Solar power enthusiasts understand that solar doesn’t just lower their electric bill – it changes the world. The recent Wildfires in Australia have helped reinforce that point. Record heat and dry conditions in 2019 turned the country’s forests and grasslands into vast swaths of combustible fuel. On December 17, the country recorded its record-hottest day – 107.4 F – beating the previous record set just 24 hours before.
By then, Australia’s fires were already raging. What would have already been a hot, dry summer for Australia (summer begins in December in the Southern Hemisphere) was made much worse by climate change. Australia’s most recent State of the Climate report showed the country has warmed by just over 1.8 degrees Fahrenheit since 1910, with most of the warming happening since 1950. That means everything is hotter and dryer.
The challenges around the climate crisis are not specific to Australia.

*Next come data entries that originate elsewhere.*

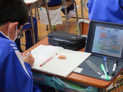 内閣の働きについて考えていました。「ここでは」内閣は国会で決められた法律や予算にもとづいて国民のために仕事を行っていることを学びます。「そういえば、自分たちの学校における委員会や児童会の取組も・・・」範囲は違いますが、自分たちのことと重ねて考えていました。一人一人が大事なこと、みんなで決めたことを大事にすること。6年生も政治のことについて考え始めています。
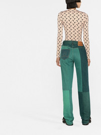 Moonogram straight-leg jeans Marine Serre presents these straight-leg denim jeans in line with their distinctive vision and unique design approach. Delivered in a combination of green tones, the pair's patchwork construction features the brand's Moonogram print, a pattern constructed from their signature crescent moon motif, an emblem that has become a key identifier for the brand. Imported Composition Lining: Cotton 100% Outer: Cotton 100% SIZE & FIT Model measurements Height 5 ft 10 in(1.77 m) Bust/Chest 32.67 in(83 cm) Hips 35.43 in(90 cm) Waist 23.62 in(60 cm) FittingInformation This piece fits true to size. We recommend you get your regular size Designed to be fitted at the waist and hips, loose over the leg Made with a mid-weight non-stretch fabric Washing instructions Dry Clean Only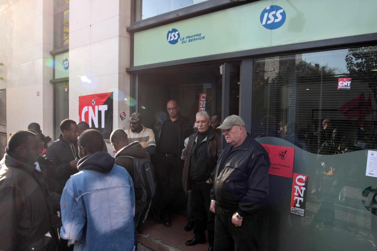 26 octobre 2009. Paris 12°. Des vigiles tiennent la porte d'entrée de la société de nettoyage SSI. Les salariés sans-papiers sont en grève. Une quinzaine sont à l'intérieur. A l'extérieur un groupe de soutien et de salariés. La direction de la société joue la tension avec les grévistes et des incidents graves auront lieu un peu plus tard.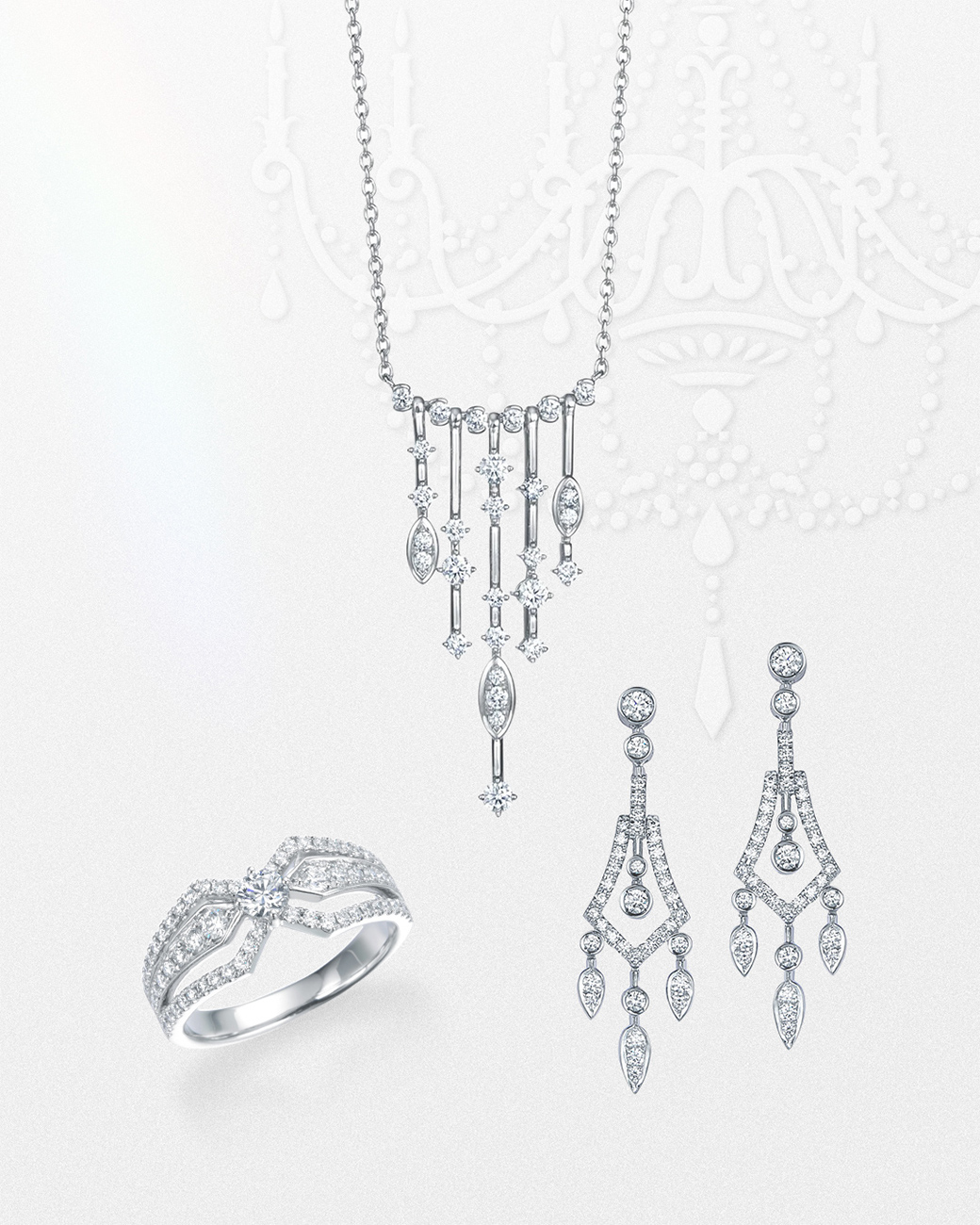 「シャンデリアシリーズ」は、古い宮殿や教会のシャンデリアから着想を得た揺れるダイヤモンドが、繊細な輝きを放ち装いに華やかさと気品を添える。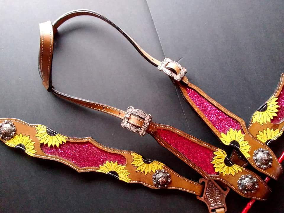 This headstall is available for custom orders. Headstall is $200 full bling. Tie ends only. Argentina leather.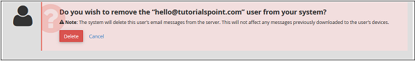 3) یک هشدار قرمز رنگ نمایش داده می شود و از شما تایید حذف کاربر درخواست می شود، روی دکمه حذف کلیک کنید تا حساب کاربری حذف شود.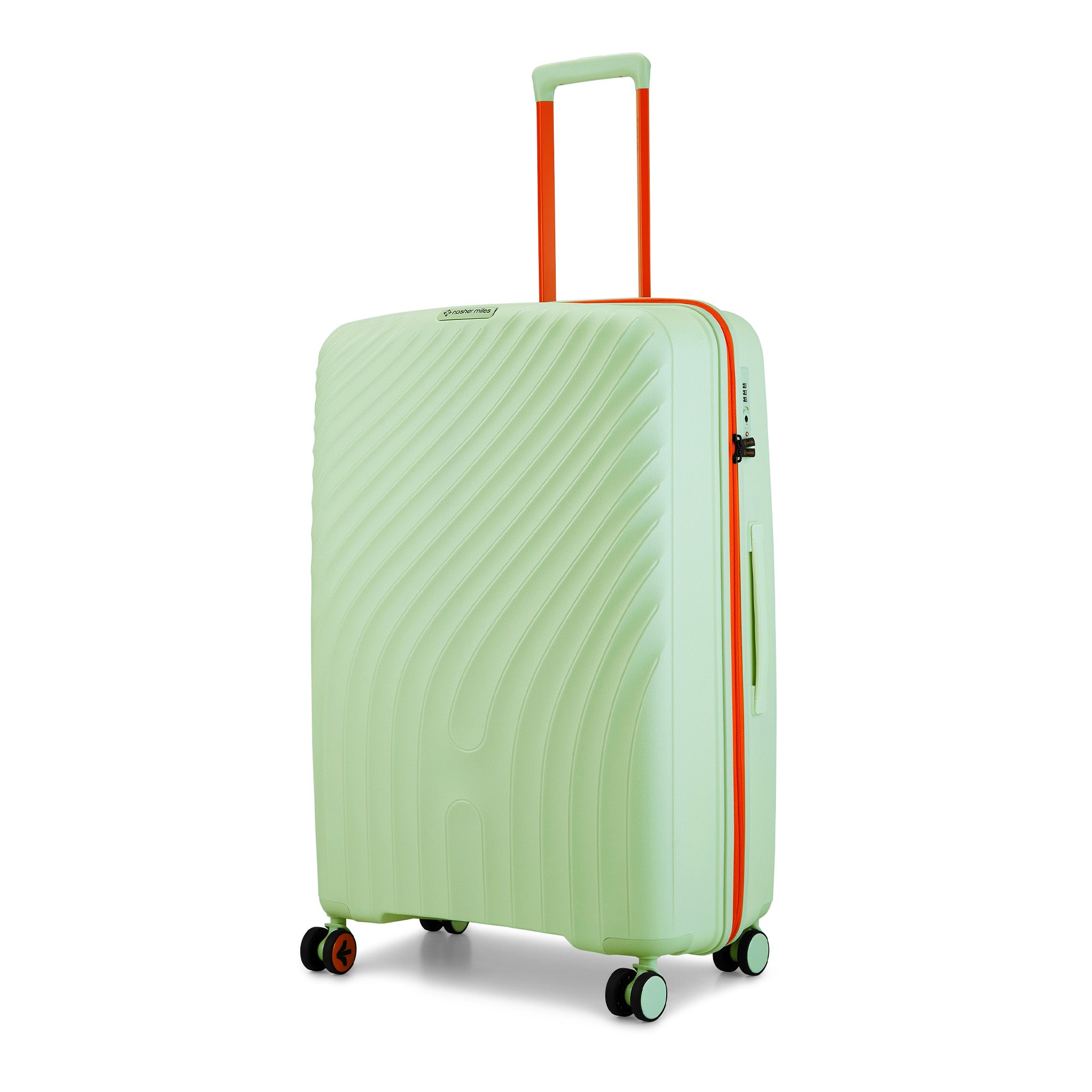 Nasher Miles Capri Hard-Sided Polypropylene Check-in Luggage 28 inch | 75cm | 8 Wheels Large Trolley Bag for Travel | Suitcase (Mint Green & Orange)

According to a new Pew Research Center survey, roughly six in ten U.S. adults (62%) say climate change is currently affecting their local community either a great deal or some.
The biggest culprit driving this climate crisis is the burning of fossil fuels for energy. These polluting energy sources dump added greenhouse gases, especially carbon dioxide, into the atmosphere. That, in turn, traps more and more heat radiating from Earth toward space.

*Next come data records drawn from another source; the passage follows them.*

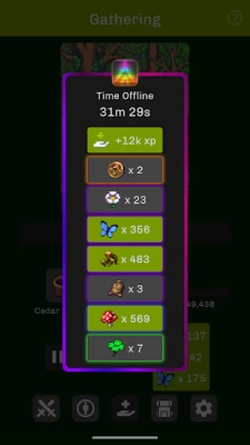 TLDR: fun game would recommend. Fun idle game, as of this review, no forced ads, which is amazing. There are a lot of skills to progress. Some of which is more of a grind because of needing resources for. My on wish for the developers to add is for when you unlock a recipe it shows you where to craft it and what it looks like. Many times I've gotten a crafting recipe as a drop and don't have the levels for it or just can't locate where it is after the unlock.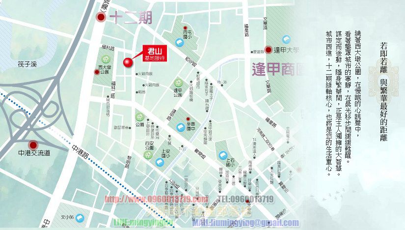 ●台中市西屯區預售大樓「君山」位於12期黎明路,近西大墩公園,住家主力為51~66坪、3~4房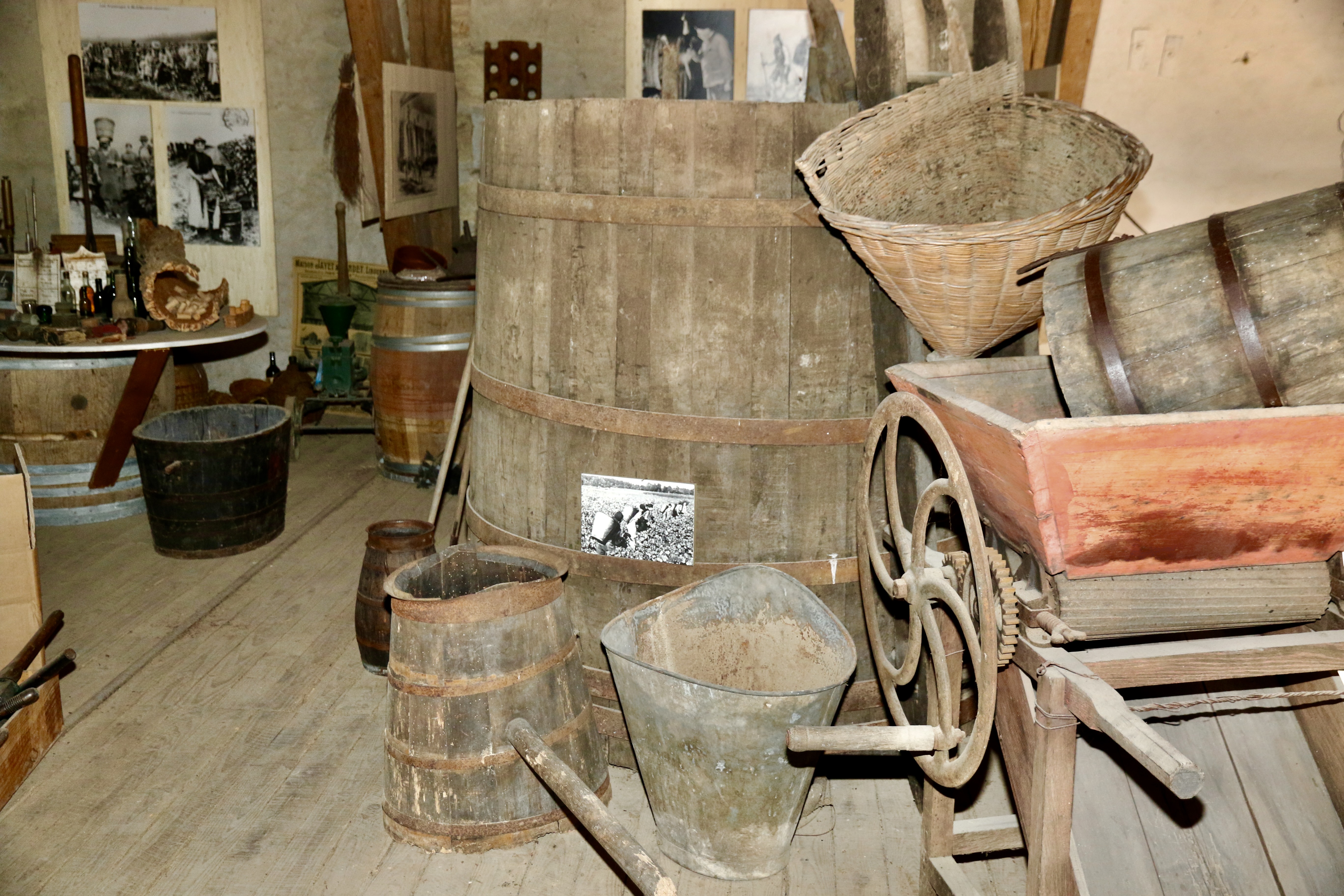 Mooi handgereedschap, oude rijtuigen, oogstmateriaal en toebehoren, essentieel voor een wijnboer uit die periode zijn verzameld, naast een woning uit de jaren dertig, bemeubeld en ingericht zoals destijds.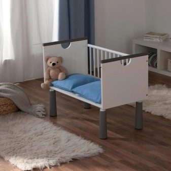 Es gibt viele Arten und Modelle solcher Betten. Es gibt Modelle, die sich in einen Tisch oder einen Laufstall verwandeln, sowie ein Ort zum Spielen.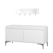 Wall Mounted Entryway Shelf With Hooks And Storage Bench Set - Off White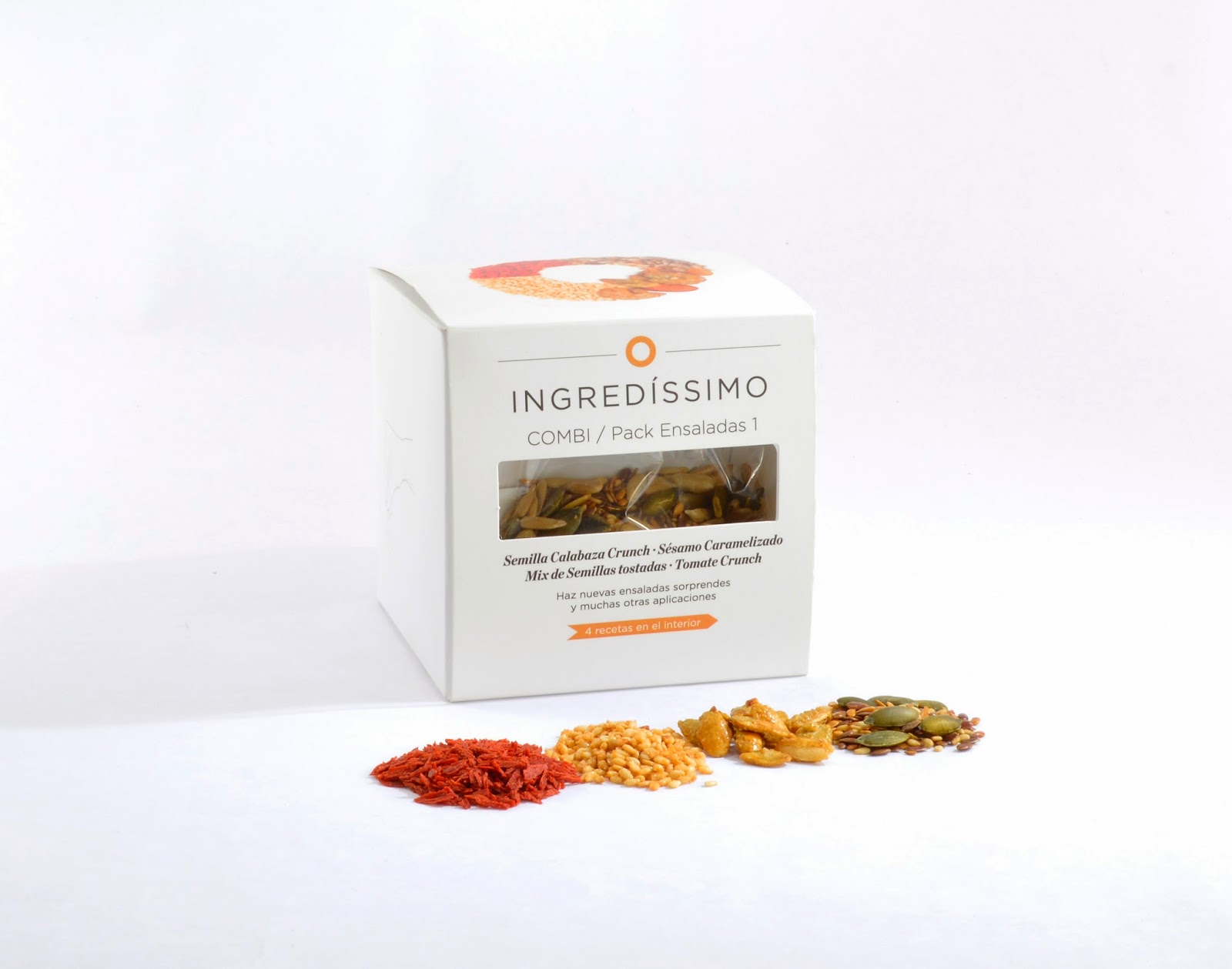 Dos Packs Combi con distintos Ingredíssimos para combinar todo tipo de ensaladas con distintas texturas y sabores.Cuentan con ingredientes para todos los gustos, desde el Sésamo Caramelizado, el Mix de Semillas tostado, los Dados de Miel y Fresa, hasta la Fresa Gumy o el Tomate Crunch. Toda una gama de sabores y texturas con las que nadie va a quedar indiferente.

About one-third of U.S. carbon emissions result from burning fossil fuels for electricity to power homes and buildings. Solar energy is perhaps one of the most obvious answers to reducing this pollution and easing this greenhouse effect.

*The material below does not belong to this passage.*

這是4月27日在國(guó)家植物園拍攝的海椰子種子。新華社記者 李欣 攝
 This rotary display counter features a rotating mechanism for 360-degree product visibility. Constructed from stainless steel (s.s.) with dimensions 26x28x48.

According to SEIA, about 1.3 billion trees store as much carbon saved by the U.S. solar industry, and that number is set to grow as the solar industry expands. The third quarter of 2019 was the largest year ever for residential solar installations, and total installed U.S. photovoltaic (PV) solar capacity is expected to more than double over the next five years. As a leader in the solar industry with the most efficient panels on the market,1 SunPower will play a major role in that growth.
But slowing the earth’s dangerous warming trend will require people to use all types of renewable energy, not just solar. In many places, renewables like wind or wave energy seem exotic to people, and yet they are just as much a part of the landscape as fossil fuels. Texas, for example, is long known for sprawling oil fields. But the Lone Star State already leads the country in the use of wind energy, it’s sixth in solar power production, and it has huge reserves of geothermal energy that are just beginning to be tapped.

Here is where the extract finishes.